From the listing below, restate word for word the lines from the line containing "黒(12画)滝(20画) 蒼(14画)汰(8画)朗(11画)" down through the line containing "weißen Holz Bilderrahmen.". Exclude pictures.
══ RECORDED DATA
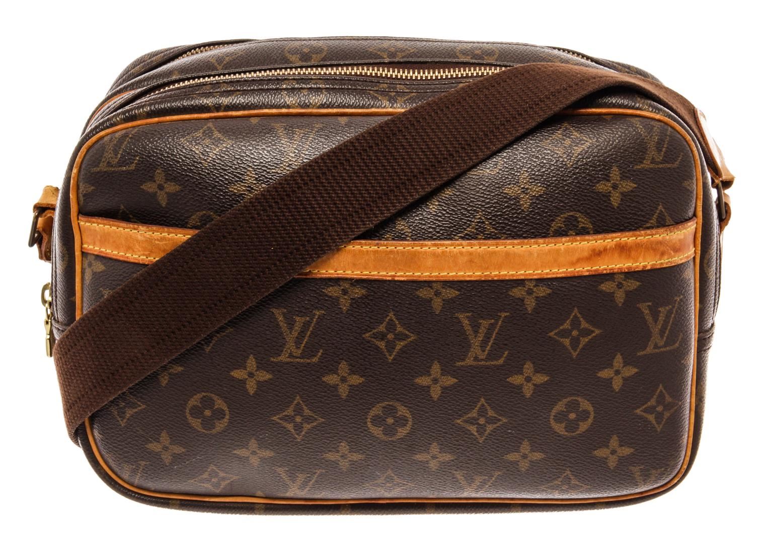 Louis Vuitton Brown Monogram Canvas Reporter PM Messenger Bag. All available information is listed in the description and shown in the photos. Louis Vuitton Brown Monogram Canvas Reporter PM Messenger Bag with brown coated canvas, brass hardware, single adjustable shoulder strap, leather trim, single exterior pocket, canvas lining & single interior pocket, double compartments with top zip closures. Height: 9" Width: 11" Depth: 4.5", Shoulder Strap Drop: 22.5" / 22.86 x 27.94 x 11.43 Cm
════
══ RECORDED DATA
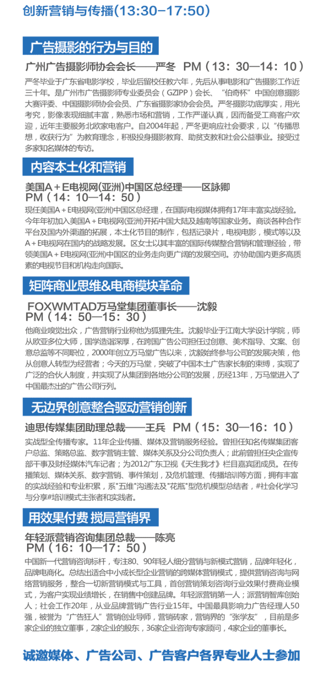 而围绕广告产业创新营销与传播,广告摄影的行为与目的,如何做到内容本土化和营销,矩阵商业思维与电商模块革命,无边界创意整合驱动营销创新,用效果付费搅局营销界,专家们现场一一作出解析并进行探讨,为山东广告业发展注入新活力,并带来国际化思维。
════
══ RECORDED DATA
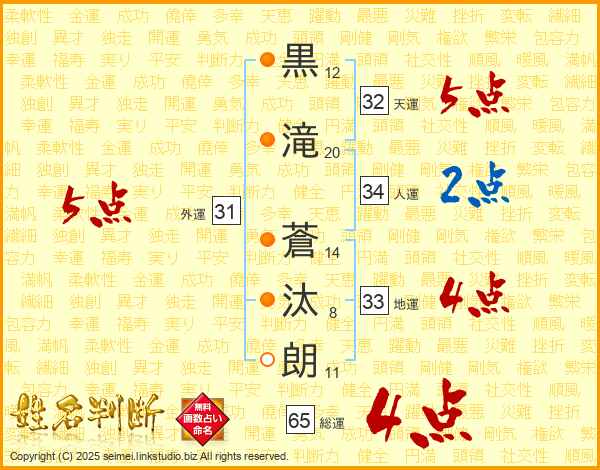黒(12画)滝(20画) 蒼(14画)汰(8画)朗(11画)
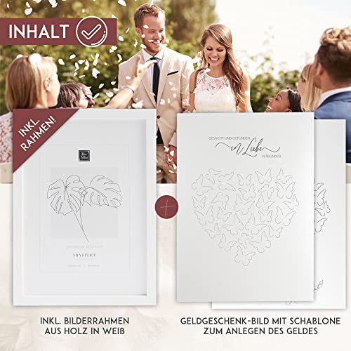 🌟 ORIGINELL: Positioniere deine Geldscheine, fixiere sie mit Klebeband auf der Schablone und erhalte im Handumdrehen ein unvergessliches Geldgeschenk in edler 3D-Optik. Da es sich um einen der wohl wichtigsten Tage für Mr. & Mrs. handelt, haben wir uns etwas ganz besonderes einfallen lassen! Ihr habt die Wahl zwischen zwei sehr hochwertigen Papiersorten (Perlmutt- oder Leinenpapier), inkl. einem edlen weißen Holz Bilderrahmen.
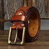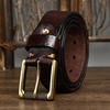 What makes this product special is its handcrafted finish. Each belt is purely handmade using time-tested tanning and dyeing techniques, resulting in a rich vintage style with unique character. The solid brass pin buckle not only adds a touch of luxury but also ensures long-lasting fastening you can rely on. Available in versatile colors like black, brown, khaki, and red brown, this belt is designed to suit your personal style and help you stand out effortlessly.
════
### RESULT OF THE TASK
黒(12画)滝(20画) 蒼(14画)汰(8画)朗(11画)
 🌟 ORIGINELL: Positioniere deine Geldscheine, fixiere sie mit Klebeband auf der Schablone und erhalte im Handumdrehen ein unvergessliches Geldgeschenk in edler 3D-Optik. Da es sich um einen der wohl wichtigsten Tage für Mr. & Mrs. handelt, haben wir uns etwas ganz besonderes einfallen lassen! Ihr habt die Wahl zwischen zwei sehr hochwertigen Papiersorten (Perlmutt- oder Leinenpapier), inkl. einem edlen weißen Holz Bilderrahmen.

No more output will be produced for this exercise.